Valuable Life Lesson:
Stick up for what you think is right, or learn to take cold showers. (I truly believed I was going to die on this film.)

 

Ode To Billy Joe
represented a turning point
in my career and in my personal life.

Max Baer Jr., who starred as Jethro in
The Beverly Hillbillies
and had written and acted in
Macon County Line
, had the idea of turning Bobbie Gentry’s international hit song into a movie he would direct. Herman Rauscher
(Summer of ’42)
wrote the script. I was cast in the title role. Baer auditioned and screen tested girl after girl for my love interest.

I did more than lobby for Glynnis O’Connor, I knew she’d be the perfect Bobbie Lee, but I also wanted a chance to get back together with her.

Glynnis had broken up with me a year earlier and I had not gotten over her… I think I discovered what real love meant when she told me she wanted to see other boys—because I understood and respected her wishes, and just wanted her to be happy. Now it was time to win her back.

Unfortunately, they put us up in a motel in Mississippi and Glynnis was given the room next to mine. When she spent the night with someone else, I could… hear. Everything. I began running 70 to 100 miles weekly on top of filming.

There was a clause in Glynnis’ contract that she had to be under a certain weight or be fired. It was often over 100 degrees that summer and Glynnis would forego a glass of water, afraid she might put on weight. As per her contract, Max Baer had Glynnis weighed like a piece of meat every single day for the first two weeks of filming.

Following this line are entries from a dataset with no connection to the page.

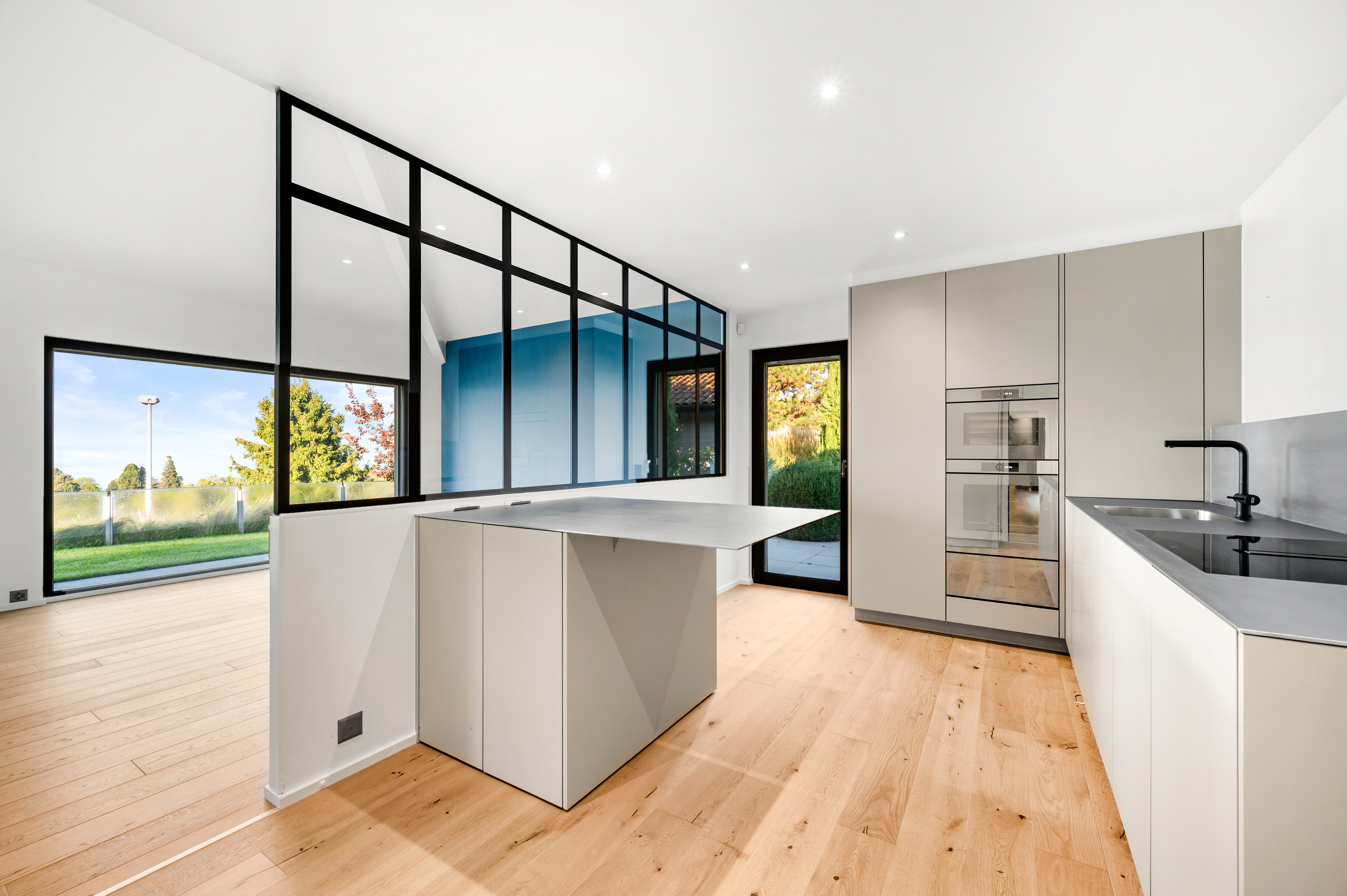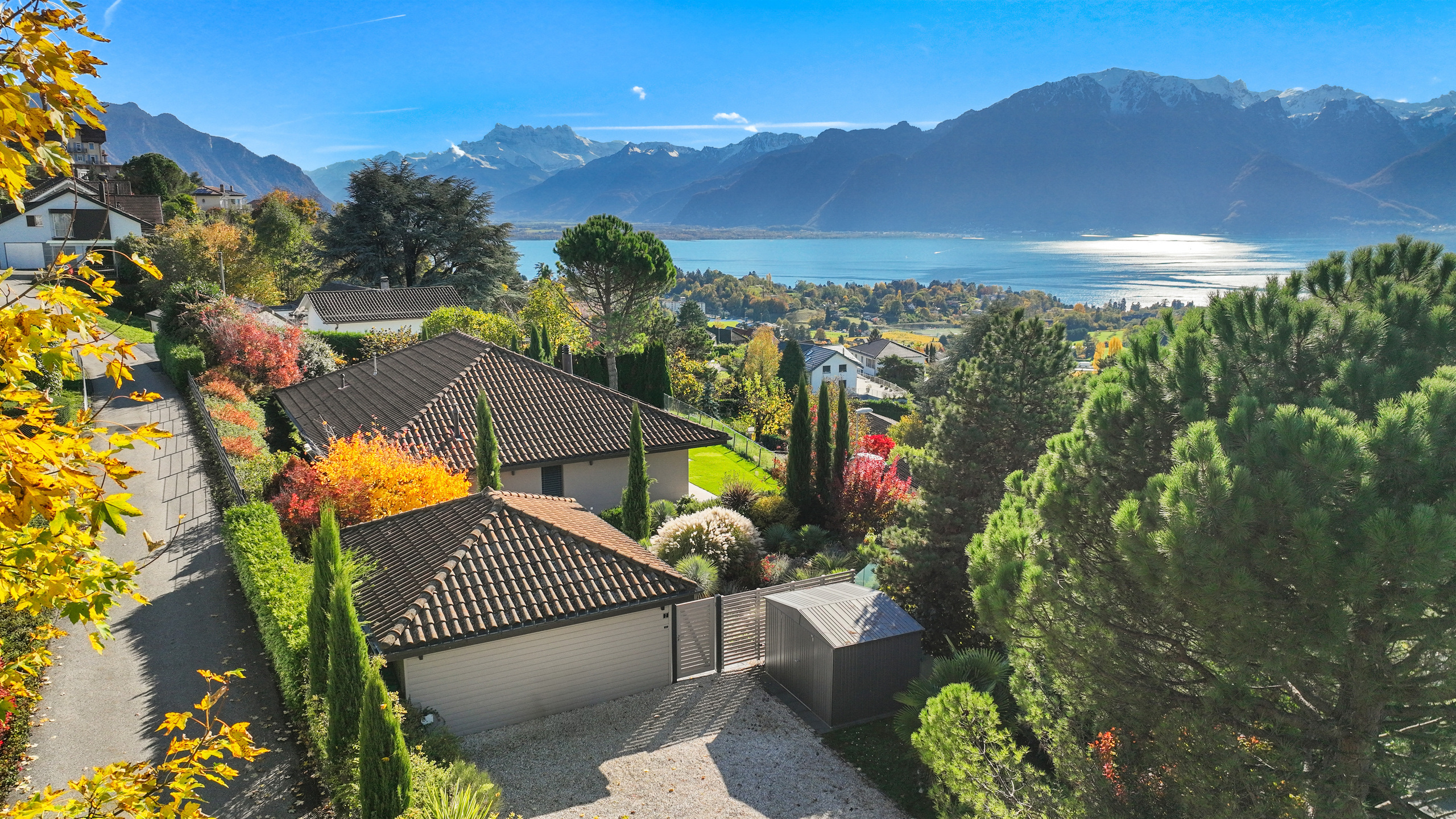 Located in a sought-after residential area, just a few minutes from the centre of the village of Blonay, this magnificent property offers breathtaking views of Lake Geneva and the Alps. Tastefully renovated in stages in 2018, 2022 and 2024, this house has been transformed using the highest quality materials. Built on one level, it charms with its generous proportions, high ceilings and exceptional brightness. It perfectly combines modernity, comfort and a warm atmosphere. Built on a 1,526 sqm plot, the property benefits from a superb landscaped garden in a Mediterranean style, designed with great care. Several terraces invite you to relax in complete privacy, in a spectacular setting. The main house offers 140 sqm of living space. The living area consists of a large lounge with fireplace, a dining room opening onto the garden and terrace, and a modern, fully equipped kitchen, complemented by a pantry and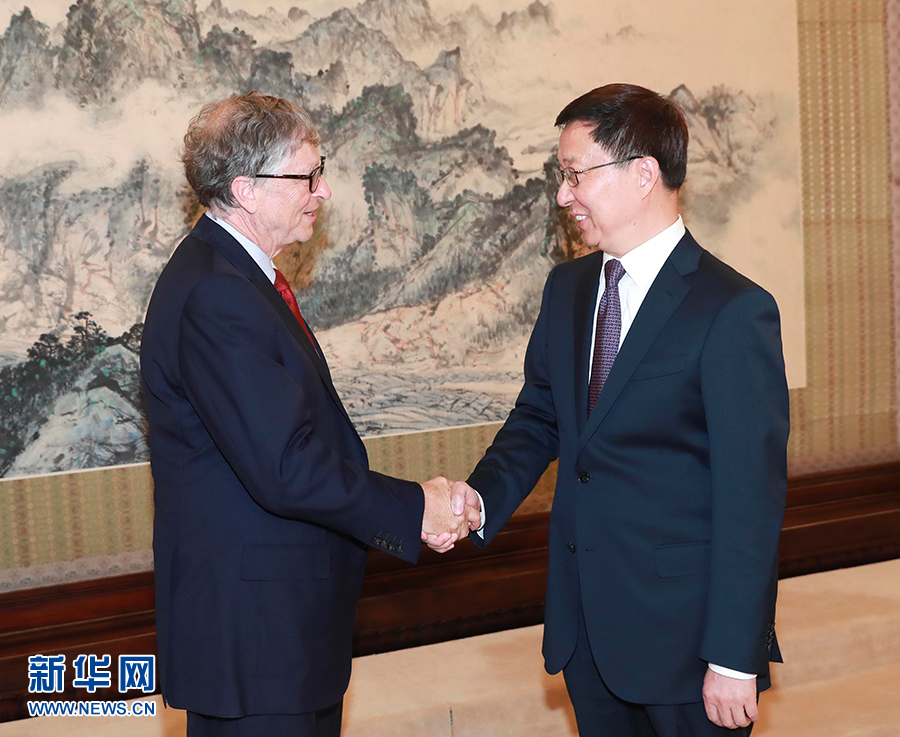 11月8日,中共中央政治局常委、國務(wù)院副總理韓正在北京中南海紫光閣會見美國泰拉能源公司董事長、微軟公司創(chuàng)始人比爾·蓋茨。 新華社記者 龐興雷 攝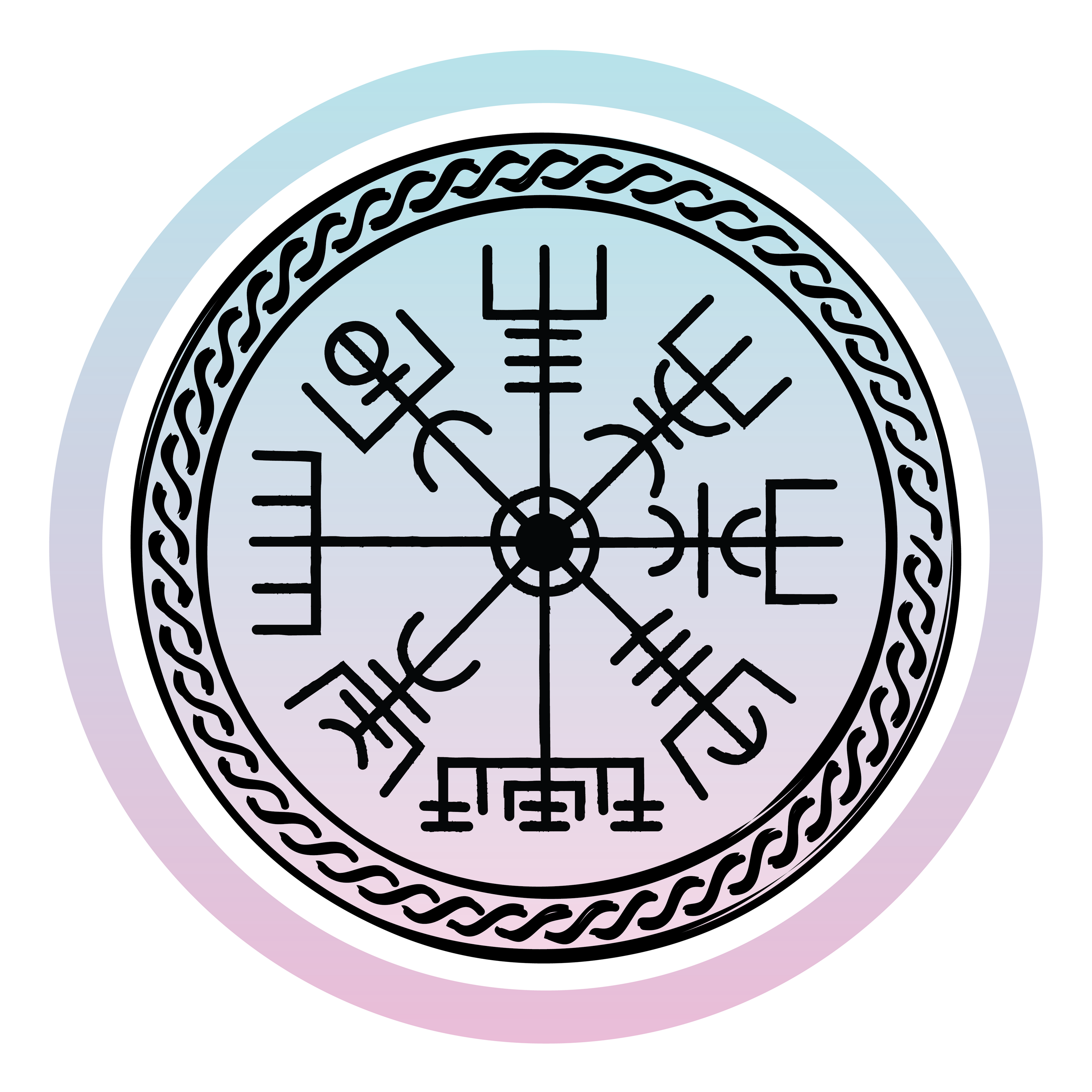 This wheel is a Vegvísir rewritten for your age: not a trinket of luck, but a geometry of orientation. The braided ring keeps ancestry in orbit; the spokes aim through storm and signal; the soft gradient carries a whisper of the digital aether that now surrounds our rites. At the hub sits the still point—the place a warrior learns to stand while the world turns.
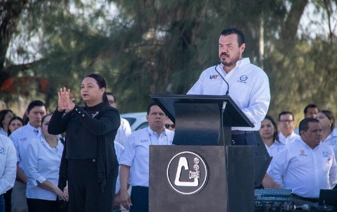 En su mensaje a la comunidad universitaria, el rector destacó la importancia de preservar el respeto a los símbolos patrios, y reiteró el compromiso de la UAT por engrandecer a la nación a través de la educación.

When I couldn’t stand the madness anymore, I went toe-to-toe with him,
stood in front of Glynnis, and told him she was never going to be weighed again or he would lose both of us. I made a friend for life, but never got my girlfriend back.

 

When the movie opened, we had an audience hit—and our stock in Hollywood was on the rise. I was happy for Glynnis, her performance, her boyfriends... But I was heartbroken, and foolishly punished myself by running and running in the smog-filled streets of L.A. to diminish the anguish.